Newt, we don’t fucking care about your abysmal, plagiarised tits and gore scripts that will never go anywhere. Can we just end this video, please?
8:15 – Newt is talking about a prostitute character and Gaunt Scarlet Harlot says, “Don’t spoil it.”
Newt says, “So there’s tits in the movie so that’s great.” Then Gaunt Scarlet Harlot brushes her hair away from her chest, as she’s done CONSTANTLY throughout this video, to give a better shot of her tits.
It’s awful. All of this is awful, Newt. This woman has not said a single thing that’s even REMOTELY interesting. She’s a complete airhead.
8:45 – “It could have used a little more gore.”
Eugh. Newt, I’m done. I can’t take this boring fucking bullshit. I don’t want to hear every fucking movie being reduced to how much tits and gore it has in it. I’M AN ADULT!
I wish we had that kind of true propaganda in the west. Imagine a song on the news that makes Xi the emperor of China look like a fucking asshole. they did it with hitler during WW2 but you don’t see that kind of thing no more.
Yeah.
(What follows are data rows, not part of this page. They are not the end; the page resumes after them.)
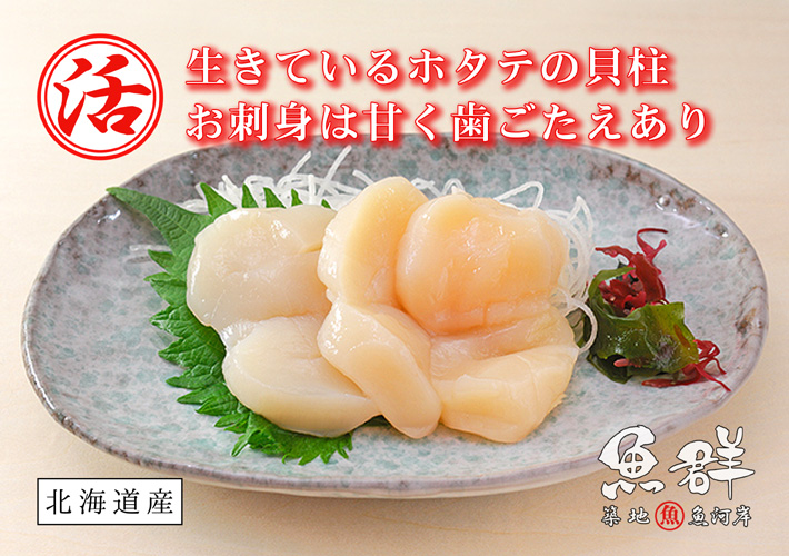 活ホタテ貝柱の刺し身
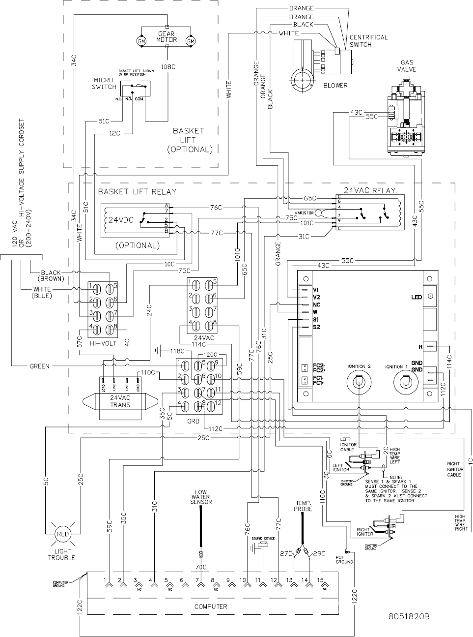 Two self-contained burners are located beneath the cookpot. Each burner is fitted with special
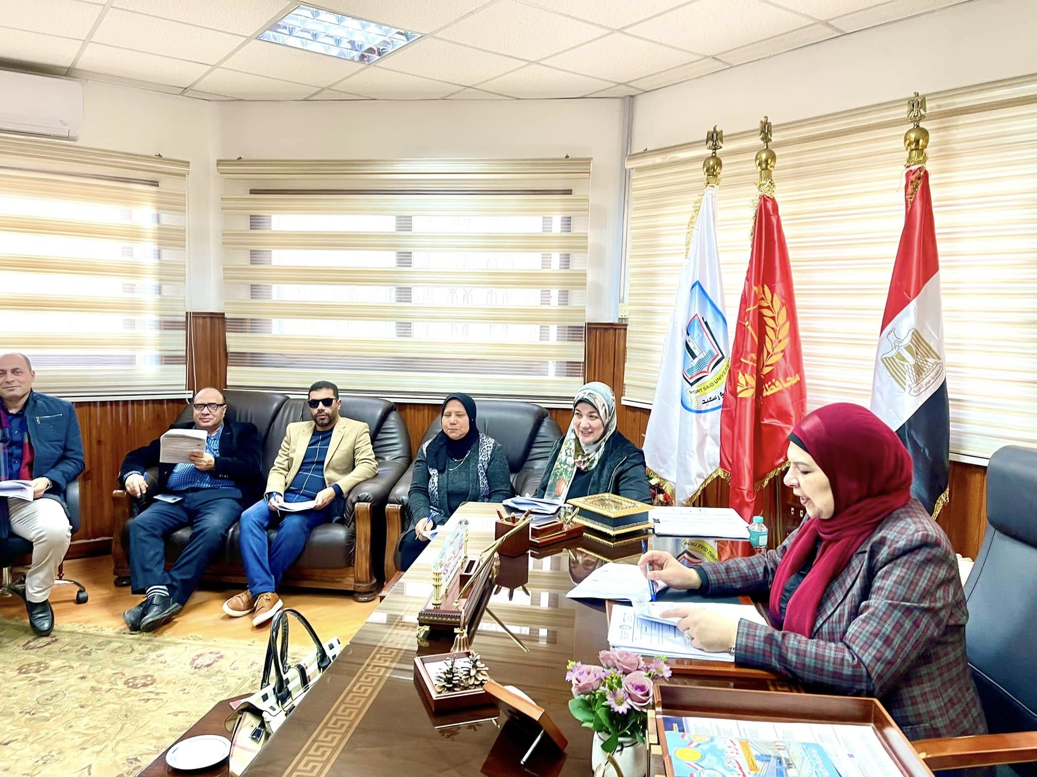 The Postgraduate Studies and Research Council was held under the chairmanship of Prof. Dr Rawya Rizk, Vice President for Postgraduate Studies and Research, to discuss several important topics related to the quality of the educational process in graduate studies at the university and raising the efficiency of graduate students in all fields of education and digital transformation. This is in addition to discussing the dates for opening registration for postgraduate studies in various faculties of the university. The Council approved the registration of 8 doctorates and 45 master’s degrees in the various faculties of the university.
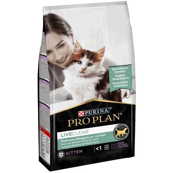 Основні переваги: PRO PLAN® LiveClear® Kitten для кошенят молодше 1 року, забезпечує смачне повнораціонне та збалансоване харчування, яке безпечно та ефективно знижує алергени на шерсті та лупі котів, починаючи з третього тижня безперервного годування.

I like the one where Donald Duck dreams that he’s a Nazi.
https://www.youtube.com/watch?v=bn20oXFrxxg
” Gaunt Scarlet Harlot, Horseface, PVC Bondage Guy, Johanna, Mint Salad,”
that’s a new banner right there. you could alternate between the two, like using one during times where certain gamergirrls feature more prominently.
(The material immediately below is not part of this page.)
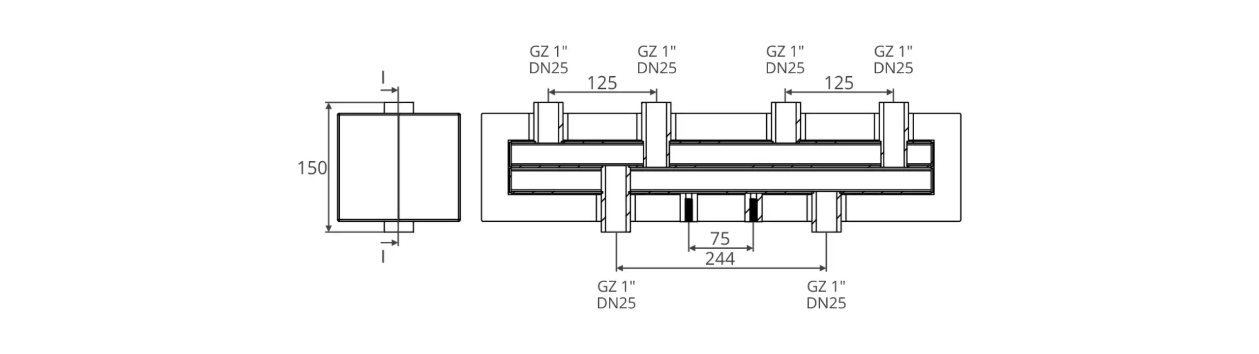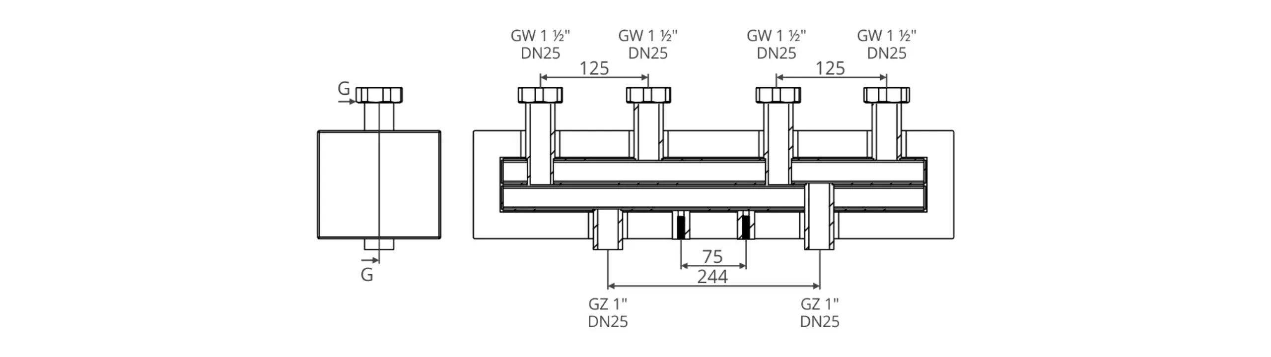 Central heating distributor – 2 circuits is a key element of the central heating system, enabling effective management of the heating medium flow in two independent circuits. Its task is to evenly distribute heat and optimize the operation of the entire heating system. It ensures the stability of pump operation, limits pressure drops and improves the energy efficiency of the installation. The distributor is made of high-quality materials, which guarantees durability, corrosion resistance and long service life.
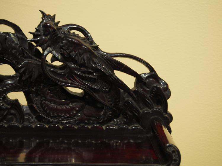 This desk and chair have a connection to Washington, DC, having belonged to Senator Julius C Burrows and his wife Ida (née Hinman) Burrows. Burrows moved to Kalamazoo in 1860 and opened his first law practice. From 1866-1870, he served as prosecuting attorney for Kalamazoo County, and served as Michigan representative from 1873 to 1911. These pieces were sent to Alfred C Connable following Burrows’ death in 1915. The Kalamazoo Gazette documented the donation of these pieces to the museum in 1929, and notes their presence in the Burrows’ home in Washington. The 1929 article describes the beautiful features of the desk, including the dragons and delicately carved chrysanthemums made of ivory.

and don’t forget to add newt to the right end of the banner as the obligatory male!
That was sort of my original plan. Because I have the original, high-definition versions of all of the characters. I was going to mix and match. Change the order around. Whatever. And I wouldn’t mind getting that CursedCat182 woman to do more but I don’t think she’s doing it any more. She took an absolute age to do the drawings of Tony and Johanna and she said that those are the last drawings she’s going to do. Not just for me but for anyone. And she hasn’t updated her site ever since. And she took her Twitter down.
She’s from the Philipines and she was often depressed. She would talk on Twitter about not having money and she moved out of her parents’ home because they were “toxic” or something. But she had a job. She seemingly had a decent job. She was working in accountancy or architecture or something starting with “A”. And she was doing these drawings as a side job.
So I was happy to give her the money for the drawings. They were like $25 each, which I think is low. And she needed the money more than I do. But I don’t think she’s doing them any more. Just some CursedCat182 lore for you.
I could have somebody else do a banner but it would be like $150 or something. I already paid that once and I can’t I justify that for a hobby site.
Seeing a characterized Newt Wallen on the banner would be splendid. Have him wearing that robe he had on (i forget what it was called technically) when he flashed the swooning ladies.